Where exactly is the found maximum (1297.496 [m]) and how can I show the connection on the map?

enter image description here


Solution

  • Your code calculates the maximum distance by casting the border MULTIPOLYGON to the set of points of which the that polygon is comprised, then calculating the distance to each of those points.

    So what we can do is find which of those points is the maximum distance away, create an sf data frame which contains that point and the centroid and summarise() them into a LINESTRING using st_cast().

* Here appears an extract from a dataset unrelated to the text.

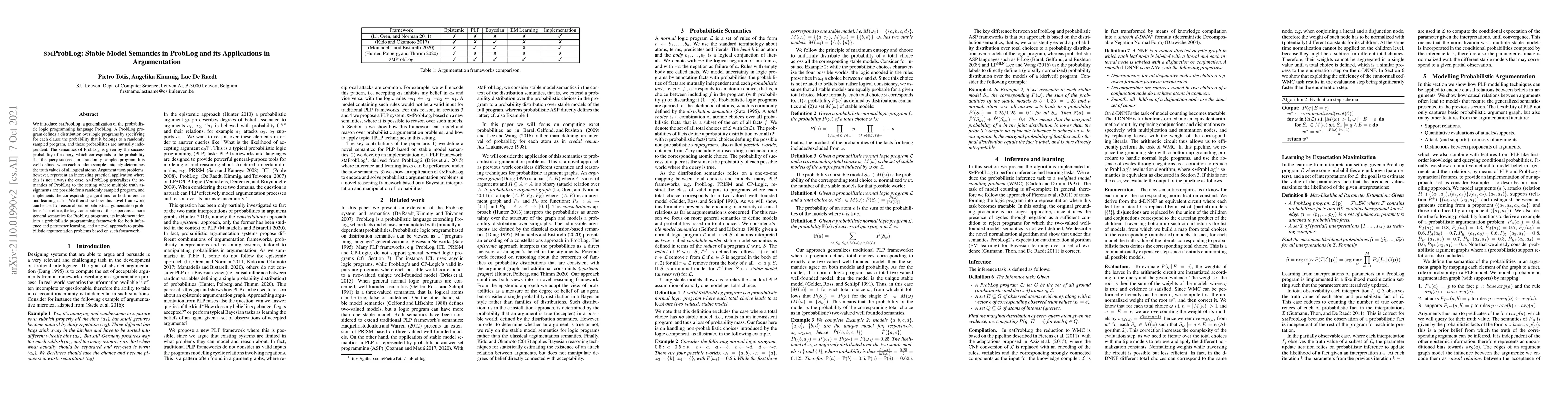 This paper introduces SMProbLog, a generalization of ProbLog that extends its semantics to handle multiple truth assignments in argumentation problems. It implements algorithms for inference and learning within this new framework and demonstrates its application to probabilistic argumentation.

    # create sf object of border points
    border_points <- test %>%
        st_cast("POINT")
    
    # compute distances
    distances <- border_points |>
        st_distance(st_centroid(test))
    
    max_dist_linestring <- border_points |>
        filter(as.logical(distances == max(distances))) |>
        bind_rows(st_centroid(test)) |>
        summarise() |>
        st_cast("LINESTRING")
    
    ggplot() +
        geom_sf(data = test, size = 1, shape = 16, alpha = 0.1) + # shape
        geom_sf(data = st_centroid(test)) + # centroid
        geom_sf(data = max_dist_linestring) +
        theme_bw()
    

    enter image description here

    A note on calculating centroids and projections

    Your data in lon/lat format. st_crs(GER_postcode) returns 4326, i.e. WGS84, a lat/lon system. However, st_centroid() does not give accurate results for lat/lon data.

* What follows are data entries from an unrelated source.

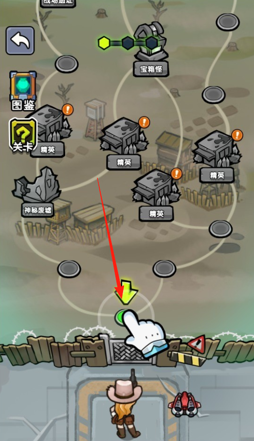 3、地圖界面點擊綠色箭頭指引關(guān)卡,進入戰(zhàn)斗,布置防御操控英雄,抵御僵尸進攻。
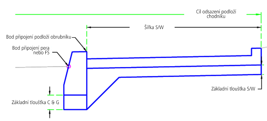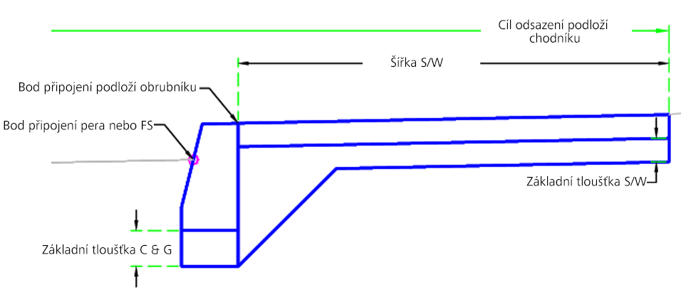 | Odsazení zadní části chodníku | Může se použít k přepsání pevné šířky chodníku a k navázání vnější hrany chodníku na trasu odsazení. Jako cíle pro určení šířky lze použít následující typy objektů: trasy, křivky, návrhové linie nebo polygony zaměření. | Volitelný |
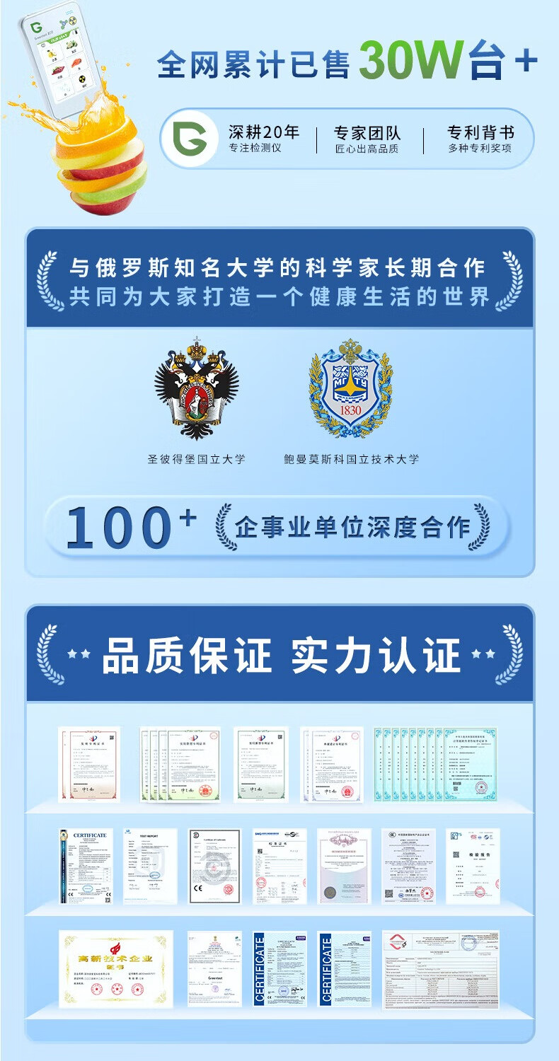 绿食宝探针便携式食品安全检测仪水质与果蔬肉鱼硝酸盐3秒快速测试 GR3F:蔬果+肉+鱼+水

    You should transform the data to a projected coordinate system, i.e. a plane. As your data is Germany, you might want to use DE_ETRS89. You can do this with:

    GER_postcode <- st_transform(GER_postcode, crs = 25831)
    

    If you choose a different CRS, just make sure that st_is_longlat(GER_postcode) is FALSE. This will get you a more accurate maximum distance. It makes a difference of about 10 metres in the example you posted. However, depending on the location, you could get a completely incorrect result (i.e. a line which is not actually the furthest distance). See the London projected vs geographic buffer plot here for more.